### Your goal
Print every entry exactly as it appears, but skip the pictures.

### Provided records
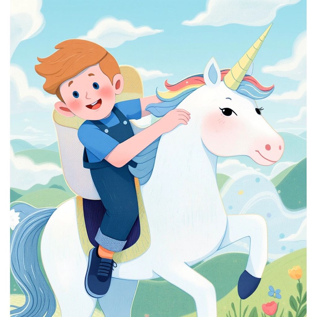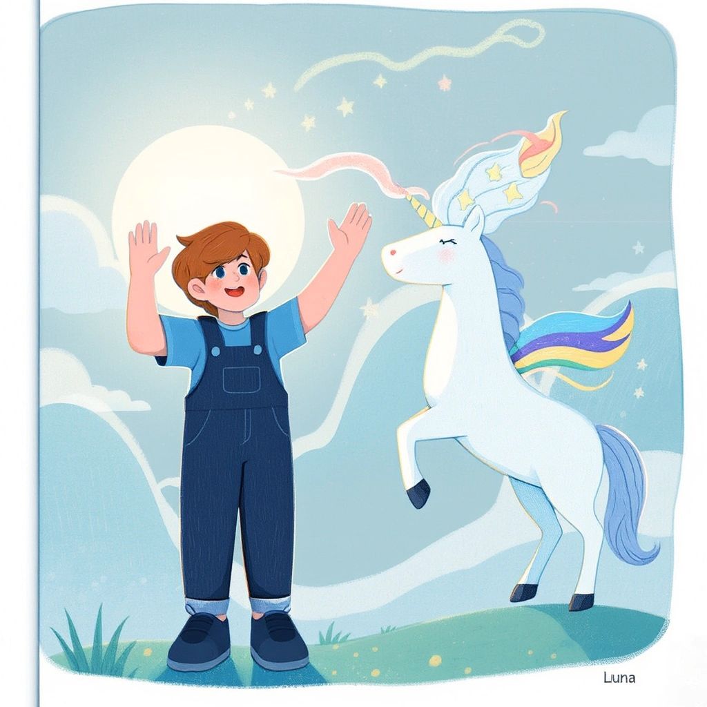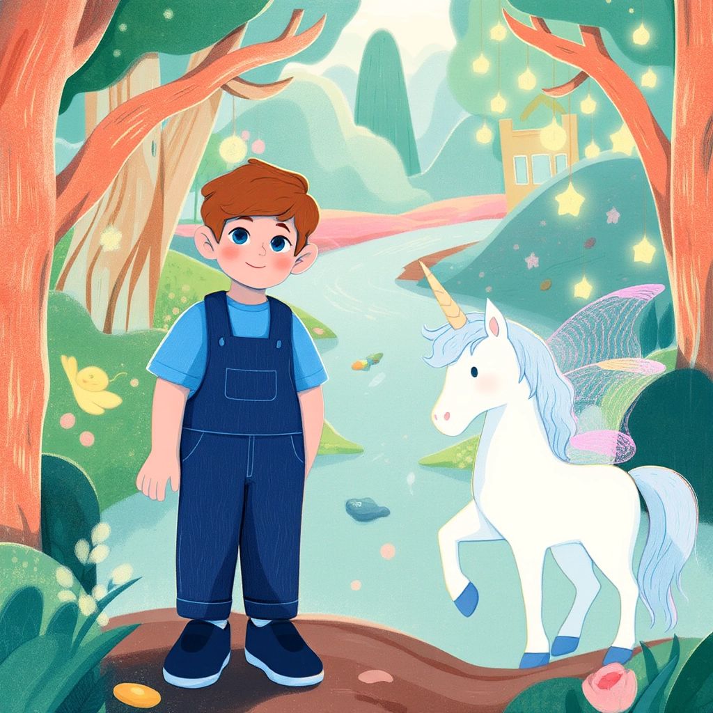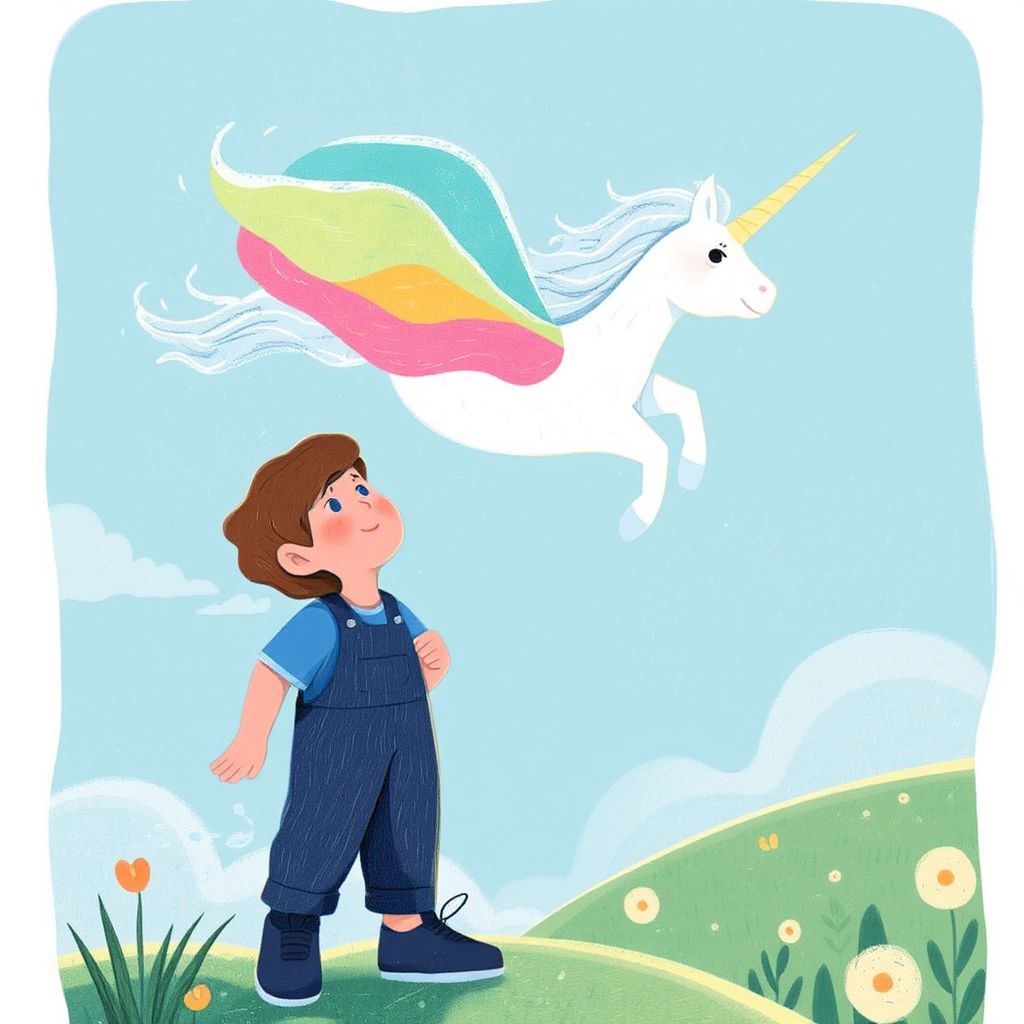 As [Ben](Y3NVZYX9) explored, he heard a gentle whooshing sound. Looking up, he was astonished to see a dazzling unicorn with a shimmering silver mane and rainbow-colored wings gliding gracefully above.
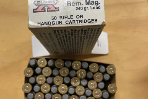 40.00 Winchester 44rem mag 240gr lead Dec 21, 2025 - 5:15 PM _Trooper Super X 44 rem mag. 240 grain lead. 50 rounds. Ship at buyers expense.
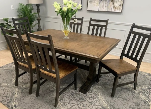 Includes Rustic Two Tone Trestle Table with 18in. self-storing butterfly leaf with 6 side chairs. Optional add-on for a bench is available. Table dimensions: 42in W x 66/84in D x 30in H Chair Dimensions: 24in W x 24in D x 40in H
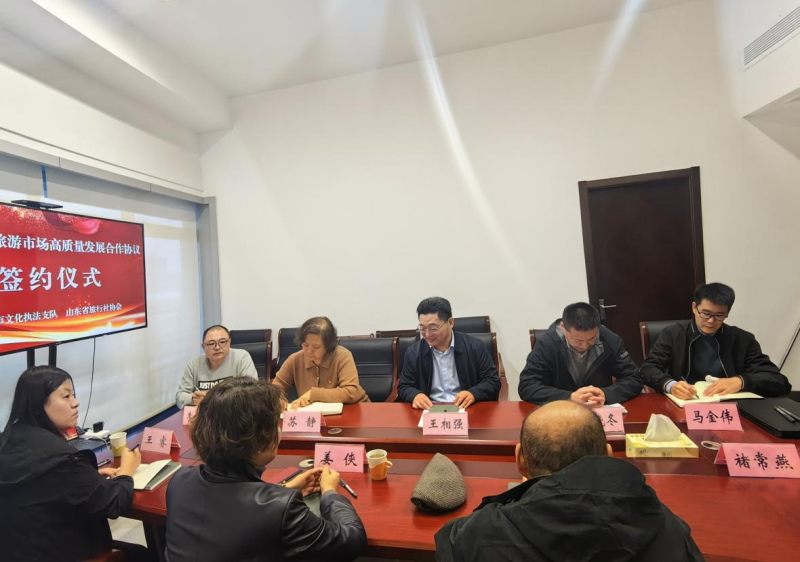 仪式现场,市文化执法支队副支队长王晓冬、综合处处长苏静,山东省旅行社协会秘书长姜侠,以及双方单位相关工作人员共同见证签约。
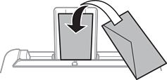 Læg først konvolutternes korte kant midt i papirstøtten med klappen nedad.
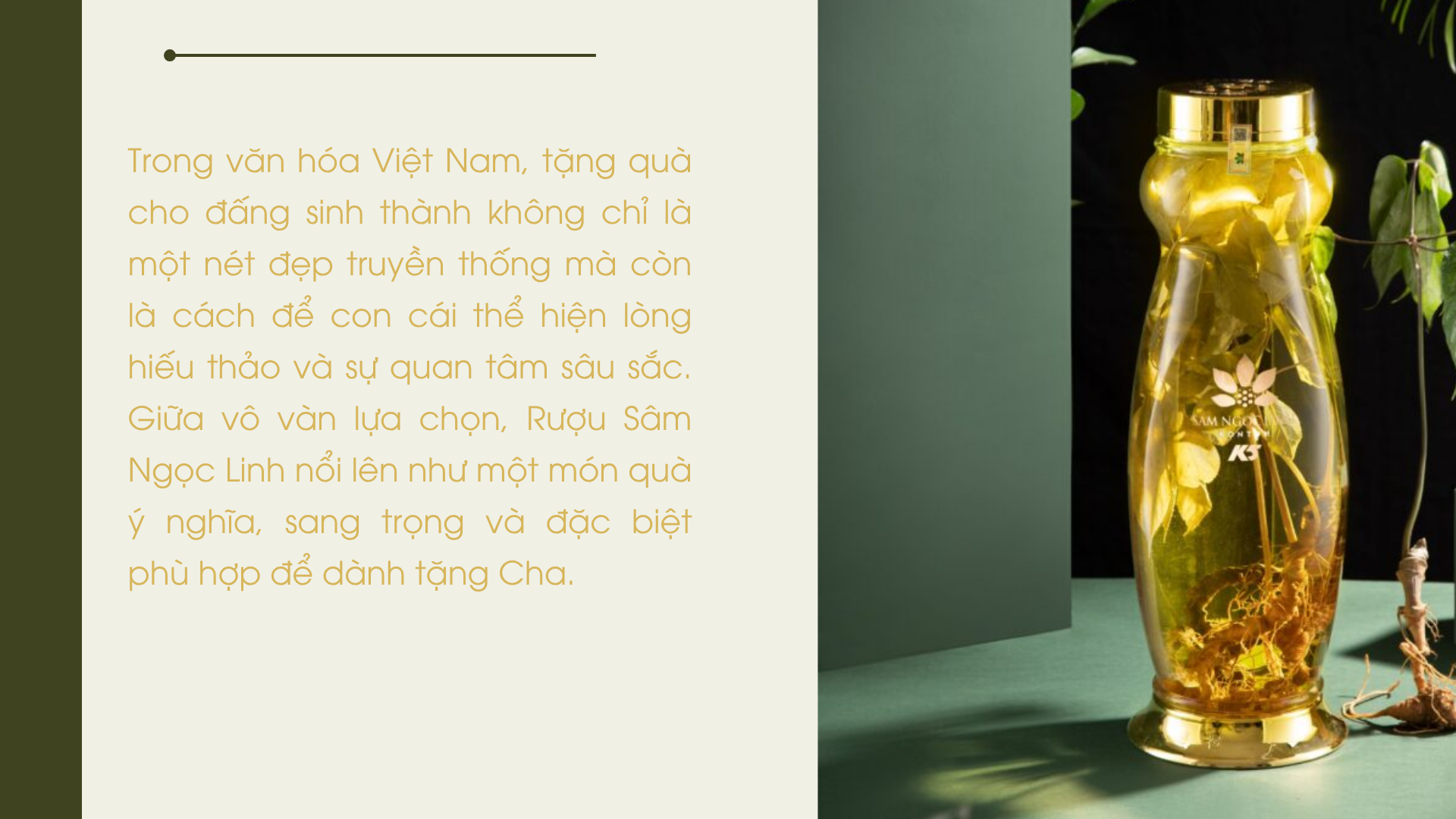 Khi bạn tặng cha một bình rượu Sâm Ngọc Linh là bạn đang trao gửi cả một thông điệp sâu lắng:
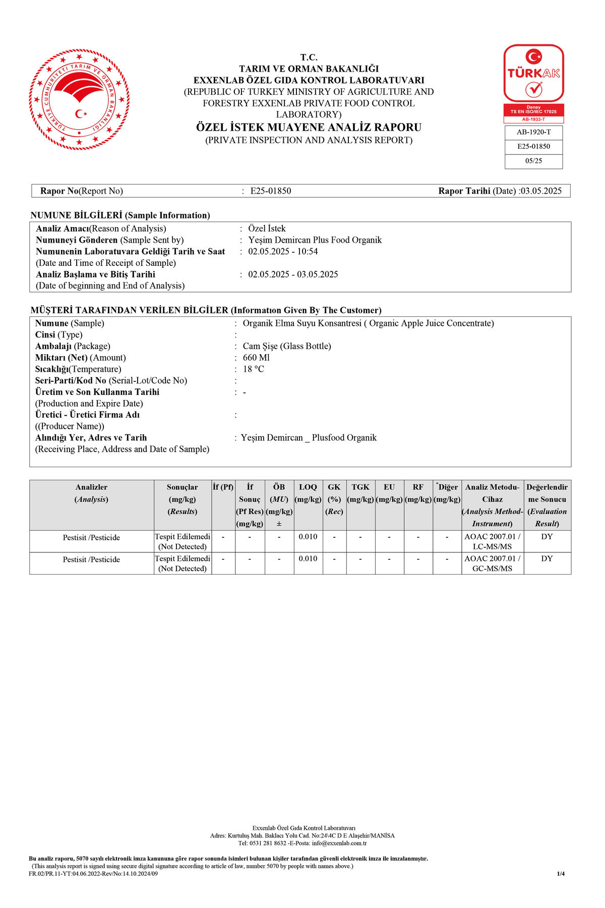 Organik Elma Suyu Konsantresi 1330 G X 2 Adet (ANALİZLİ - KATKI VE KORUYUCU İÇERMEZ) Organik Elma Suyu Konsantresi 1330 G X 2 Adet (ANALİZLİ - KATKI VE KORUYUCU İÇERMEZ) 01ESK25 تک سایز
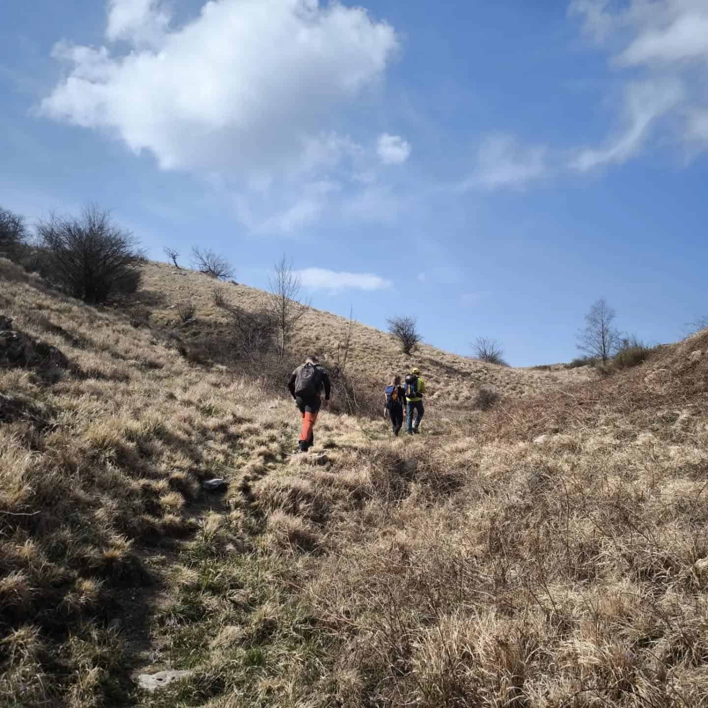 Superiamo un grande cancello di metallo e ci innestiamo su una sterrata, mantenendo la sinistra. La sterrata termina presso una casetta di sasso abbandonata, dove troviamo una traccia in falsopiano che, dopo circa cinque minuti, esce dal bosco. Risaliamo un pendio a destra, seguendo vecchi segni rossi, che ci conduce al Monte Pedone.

### Written reply
 As [Ben](Y3NVZYX9) explored, he heard a gentle whooshing sound. Looking up, he was astonished to see a dazzling unicorn with a shimmering silver mane and rainbow-colored wings gliding gracefully above.
 40.00 Winchester 44rem mag 240gr lead Dec 21, 2025 - 5:15 PM _Trooper Super X 44 rem mag. 240 grain lead. 50 rounds. Ship at buyers expense.
 Includes Rustic Two Tone Trestle Table with 18in. self-storing butterfly leaf with 6 side chairs. Optional add-on for a bench is available. Table dimensions: 42in W x 66/84in D x 30in H Chair Dimensions: 24in W x 24in D x 40in H
 仪式现场,市文化执法支队副支队长王晓冬、综合处处长苏静,山东省旅行社协会秘书长姜侠,以及双方单位相关工作人员共同见证签约。
 Læg først konvolutternes korte kant midt i papirstøtten med klappen nedad.
 Khi bạn tặng cha một bình rượu Sâm Ngọc Linh là bạn đang trao gửi cả một thông điệp sâu lắng:
 Organik Elma Suyu Konsantresi 1330 G X 2 Adet (ANALİZLİ - KATKI VE KORUYUCU İÇERMEZ) Organik Elma Suyu Konsantresi 1330 G X 2 Adet (ANALİZLİ - KATKI VE KORUYUCU İÇERMEZ) 01ESK25 تک سایز
 Superiamo un grande cancello di metallo e ci innestiamo su una sterrata, mantenendo la sinistra. La sterrata termina presso una casetta di sasso abbandonata, dove troviamo una traccia in falsopiano che, dopo circa cinque minuti, esce dal bosco. Risaliamo un pendio a destra, seguendo vecchi segni rossi, che ci conduce al Monte Pedone.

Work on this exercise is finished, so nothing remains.